I am a green hand and reading the manual of “CUDA C Programming Guid”.
I don’t understand the concept of throughput in the manual.
For example, in the section 5.3.2, there is a sentence “For example, if a 32-byte memory transaction is generated for each thread’s 4-byte access, throughput is divided by 8.”
Can someone explain the throughput in detail?
Thanks a lot.
Questions like this come up frequently. There is a great deal of published information on it. You might want to study slides 30-48 in the following presentation:
In a nutshell, DRAM subsystems on GPUs have a minimum addressable quantity, which is usually 32 bytes. If you request 32 bytes, and use 32 bytes, then that is full throughput for the memory bus: every requested byte is actually used by the program. If you request 32 bytes (the minimum) but only use 4 bytes, then 28 bytes transferred are wasted.

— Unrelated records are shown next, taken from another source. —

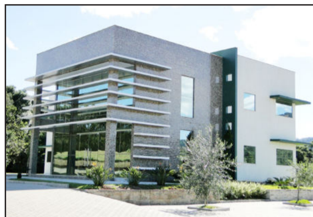
Área administrativa da Nutrifarma em Teutônia

Os acionistas são sócios da Nutrifarma e da Vetifarma, especializada em nutrição e saúde animal e líder de mercado na Argentina, contando com duas unidades fabris na cidade de La Plata.
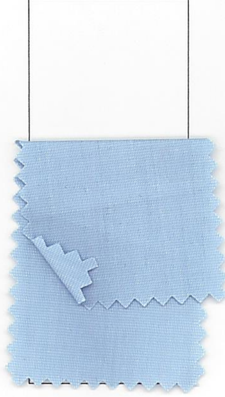
Tela Blusa Damas y Camisa Caballeros
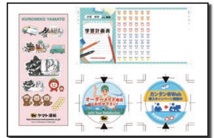
(同社が手がけたデザインの数々)
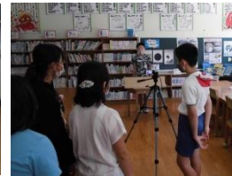
読書リーダーによるパネルシアターと読書クイズの撮影の様子

集会後には、各担任の先生のおすすめの本の紹介など、各クラスで、読書に関する話をする時間を過ごしました。昼休みにはさっそく、多くの子どもたちが、担任の先生のおすすめ本を借りに来ていました。
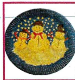
Dieses Schneemannbild hat uns aus Osttirol erreicht.

Zuerst bemalst du den Pappteller mit blauer Farbe und lässt die Farbe trocknen. Dann malst du die drei lachenden Schneemänner auf den Teller. Um den Schnee am Boden deutlicher hervorzuheben, kannst du den Teller in diesem Bereich auch mit Watte bekleben.
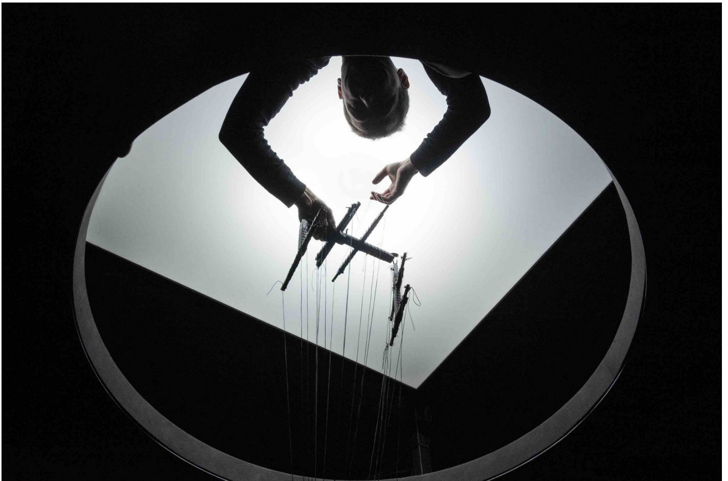
Milieu, Renaud Herbin
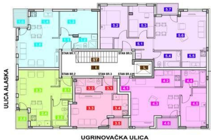
STAN BR.3 - GARSONJERA
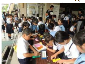
【願いを込めて短冊へ】

ひかり・こだま学級が、計画して、七夕飾りをしました。全校児童に呼びかけると、早速に大勢の児童が自分の願いを思い思いに短冊に書いて、笹に飾っていました。短冊には、勉強に関することや買ってほしいもの、将来なりたいことに関する内容が多かったように思います。その中で、中学年の児童が自分の願いと共に、「みんなの願いがかないますように」と書いた短冊が目にとまりました。自分のことだけでなく、友達みんなの幸せも願っている児童がいることに感動しました。一人一人の願いが叶うことを祈りたいと思います。
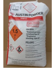
Austinite ANFO en bolsas
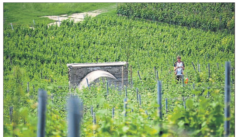
Ein Orientierungslauf ist eine anspruchsvolle Disziplin.

Die Turngemeinde 1886 Budenheim freut sich auf viele bekannte und neue Gesichter bei diesem besonderen Jubiläumslauf.
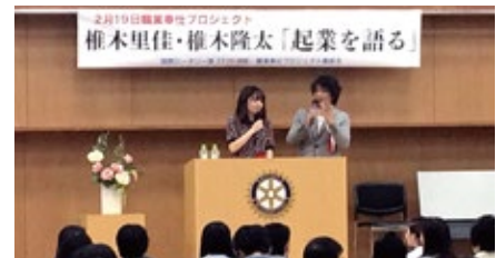
▲2月18日 熊本第5グループIMの様子
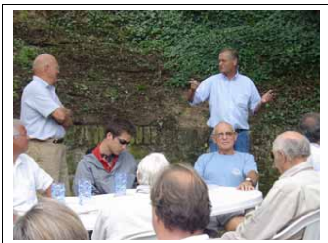
Samedi 28 Juillet : Pique Nique dans les jardins du Phare des Baleines
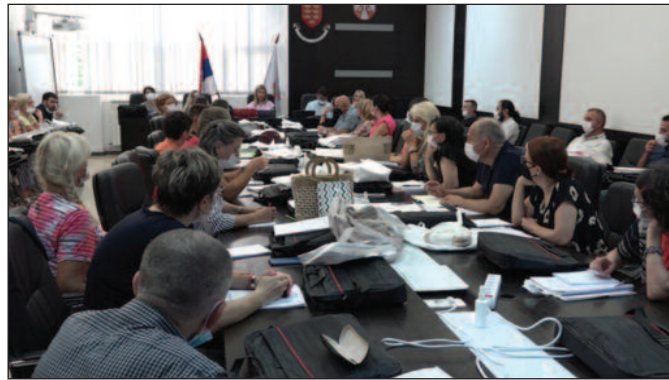
Ове недеље завршена обука за градске инструкторе

-За пописивача се могу пријавити не само незапослена лица, већ и запослени грађани, као и студенти и старосни пензионери. Потребно је да испуне неке опште, али и посебне услове. Што се тиче општих услова, потребно је да је кандидат држављанин Републике Србије, да је у тренутку подношења пријаве пунолетно лице, да има најмање завршену трогодишњу средњу школу, да има пријављено боравиште или пребивалиште у Републици Србији, да лице није кажњавано, да се против

When adjacent threads in a warp request data, if that data is all adjacent, then the 32-byte transactions requested from DRAM can be effectively utilized by various threads in the warp. This is 100% utilization or throughput. If, on the other hand, each thread is generating a non-adjacent address, then to satisfy each threads needs, many more transactions will be required from DRAM, but a lot of “wasted” bytes will be transferred, and “throughput” goes down.
Thanks a lot.
It’s a very clear answer. I can futher understand the throughput now.